We're back after a server migration that caused effbot.org to fall over a bit harder than expected. Expect some glitches.

Using Non-Standard Encodings in cElementTree

Updated December 15 | December 1, 2005 | Fredrik Lundh

Update 2005-12-04: Changed to use codecs.open instead of plain open, to avoid problems with variable-width encodings.

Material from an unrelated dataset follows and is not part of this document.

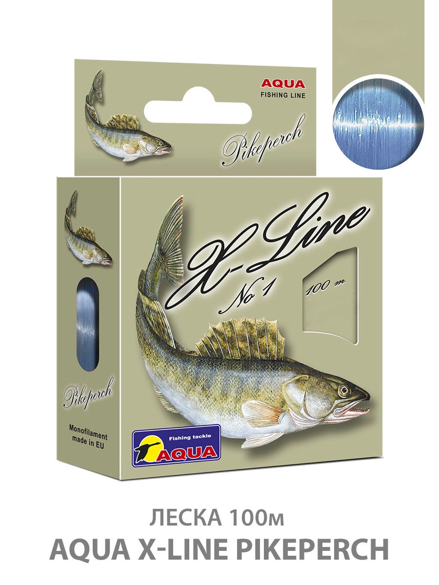 Леска AQUA X-Line Pikeperch (Судак) 0,18mm 100m, цвет - светло-голубой, test - 3,50kg

Thanks to “mark_m”.

Update 2005-12-15: This has been fixed in cElementTree 1.0.5, which supports all 8-bit encodings provided by Python’s Unicode implementation.

Older versions of cElementTree (1.0.4 and earlier) only supports the encodings provided by the expat library itself:

  • UTF-8
  • UTF-16
  • US-ASCII
  • ISO-8859-1

Support for more encodings will be added to a future release.

To work around this in the current version, you can use the XMLParser class directly, and “recode” the data stream in Python:

import cElementTree as ET
import codecs

def myparser(file, encoding):
    f = codecs.open(file. "r", encoding)
    p = ET.XMLParser(encoding="utf-8")
    while 1:
        s = f.read(65536)
        if not s:
            break
        p.feed(s.encode("utf-8"))
    return ET.ElementTree(p.close())

tree = myparser("example.xml", "windows-1252")

To determine the encoding used in the file, you can use something like Paul Prescod’s Auto-detect XML encoding recipe.